TASK TO COMPLETE -
Starting at the line that contains "Visible from all", write out every line through the last one in the records below, word for word. Leave out any pictures.

EXERCISE MATERIAL -
· · · · ·

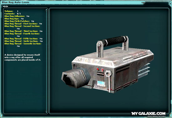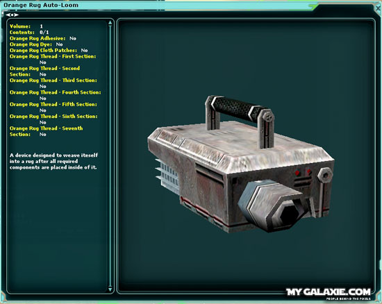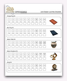 ![]() The Junk Dealer loot kits are pretty simple to make, its getting the parts that's the hard part, We will show you what parts you need and some tips to make this as painless as possible. Before starting you should know if you place a part in a loot kit it can not be removed. We recommend you wait until you have all the parts until you put the kit together. Head to any town and talk to a junk dealer. Choose the option of taking one of the useless kits off his hands (I would do this after you have all parts needed to make a kit.) You will have to loot all of these parts off of NPC's. Just about every gang or bad NPC drops these loots. I have never seen Nomads, Settlers or good NPC's drop any kit parts so don't waste your time You will loot the same parts, We guarantee it so trading can be very helpful in trying to get a finished kit. we have made a great checklist to help you manage what parts you need and have. download it and print it out then just check off the ones you have and tally how many you have in the box below.. Visit your favorite SWG forums and see what parts people have and want to trade for. We have a trading, selling and buying forum you can visit here. You can also buy the parts you need inside the game, the average part is about 100.000 to 200,000 a piece. don't pay higher then this cause its not worth it.Orange Rug Kit you get from the junk dealer.
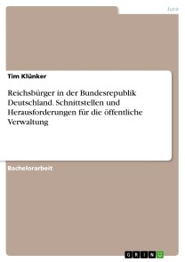 Tim KlünkerBachelorarbeit aus dem Jahr 2022 im Fachbereich Jura - Öffentliches Recht / Staatsrecht / Grundrechte, Note: 2,7, Fachhochschule für öffentliche Verwaltung Nordrhein-Westfalen; Münster, Sprache: Deutsch, Abstract: Setzt man sich intensiver mit der Thematik der Reichsbürgerbewegung auseinander, drängt sich der Gedanke auf, wie die öffentliche Verwaltung in Deutschland mit den Herausforderungen, die durch diese Bewegung entstehen, umgeht. Folglich wird sich die Bachelorthesis mit dem folgenden Thema auseinandersetzen: Reichsbürger in der Bundesrepublik Deutschland – Schnittstellen und Herausforderungen für die öffentliche Verwaltung.Bei der Arbeit erscheint es zunächst sinnvoll, auf bereits vorhandene Literatur und Studien zurückzugreifen, da eine Durchführung eigener empirischer Methoden aus formalen Gründen keine repräsentativen Ergebnisse liefern würde.Im Rahmen der Bachelorarbeit soll darauf eingegangen werden, woher die Reichsbürgerbewegung kommt, wer die Reichsbürger überhaupt sind und ob diese eine potenzielle Gefahr für die Demokratie und damit verbunden für die Organe und Institutionen der öffentlichen Verwaltung darstellen. Es werden verschiedene öffentlich wirksame Vertreter der Reichsbürgerbewegung vorgestellt und ein Bezug zum (Rechts-)Extremismus hergestellt. Im Nachfolgenden wird sich mit den Grundpfeilern der Reichsbürgerbewegung und den damit verbunden Herausforderungen für die öffentliche Verwaltung beschäftigt. Dafür wird zunächst der Umgang der Reichsbürger mit der öffentlichen Verwaltung thematisiert, wie eine Durchsetzung der eigenen Ziele gelingen soll und anschließend herausgestellt, welche Maßnahmen der öffentlichen Verwaltung zur Verfügung stehen und welche Handlungsoptionen die öffentliche Verwaltung hat. Abschließend werden zentrale Erkenntnisse präsentiert und vor dem Hintergrund zukünftiger erwarteter Entwicklungen diskutiert.
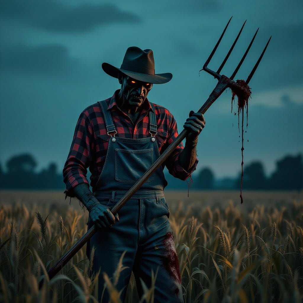 This image depicts a menacing farmer in a dark field at night, clutching a bloodied pitchfork. The style is dark and atmospheric, with dramatic shadows and muted colors.
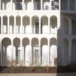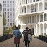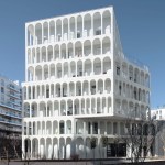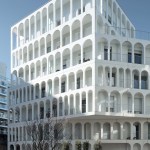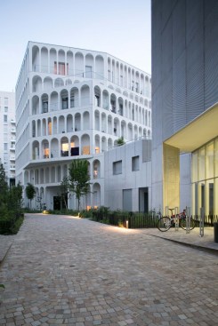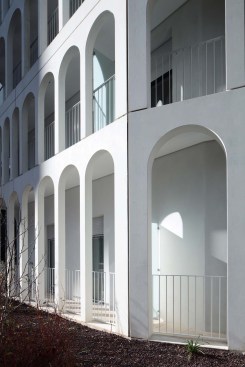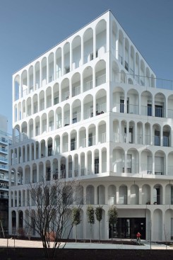 Visible from all sides, like a sculpture set on the ground, the building evolves evenly across each facade. The arch compositions are a contemporary interpretation of the classical vocabulary of the former Renault factories, yet this second skin is not just a formal one; the arches, in fact, extend around the building fulfilling different functions, with the accent on accommodation.
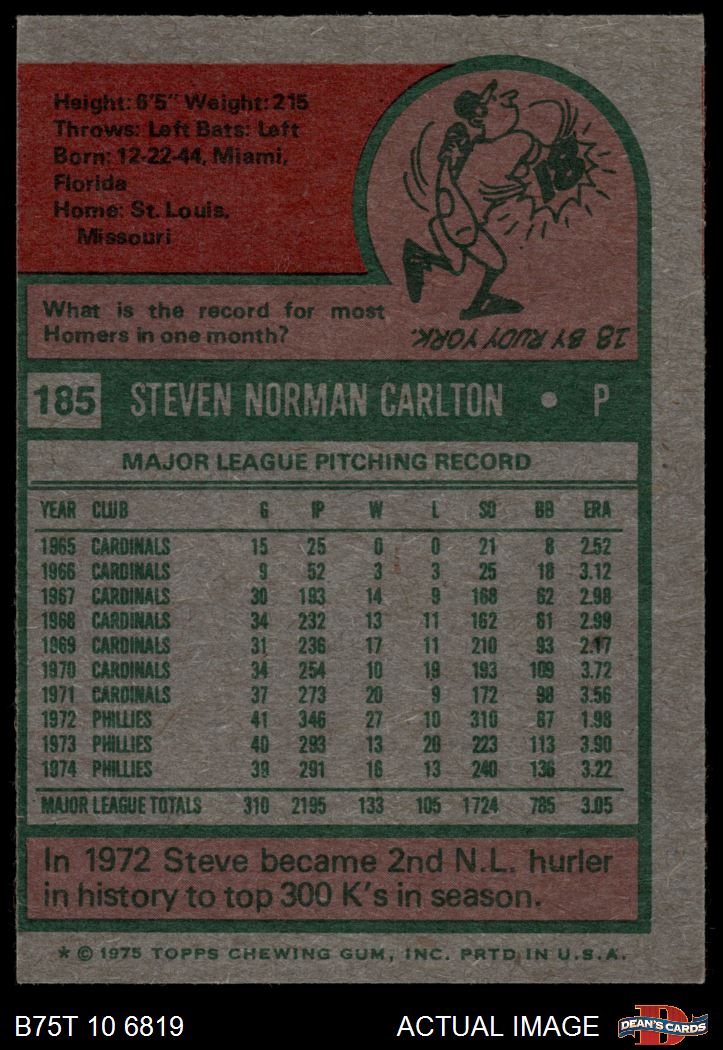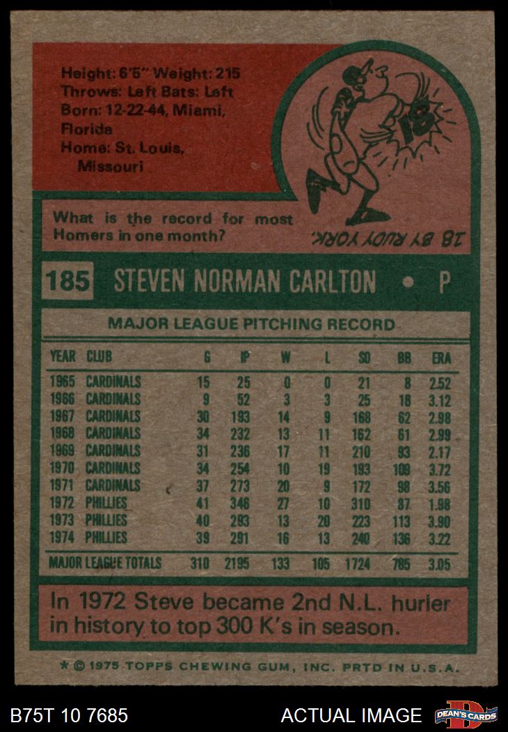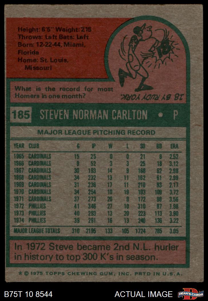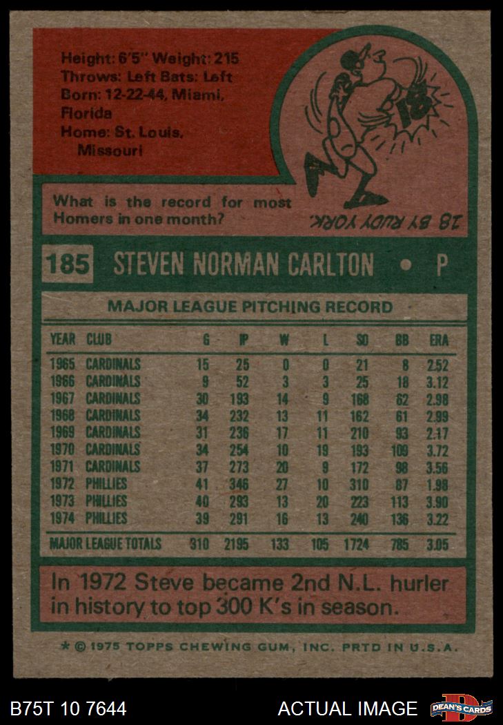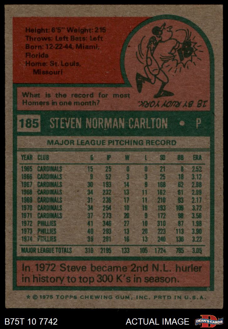 1975 Topps #185 Steve Carlton

· · · · ·

TASK RESULT -
 Visible from all sides, like a sculpture set on the ground, the building evolves evenly across each facade. The arch compositions are a contemporary interpretation of the classical vocabulary of the former Renault factories, yet this second skin is not just a formal one; the arches, in fact, extend around the building fulfilling different functions, with the accent on accommodation.
 1975 Topps #185 Steve Carlton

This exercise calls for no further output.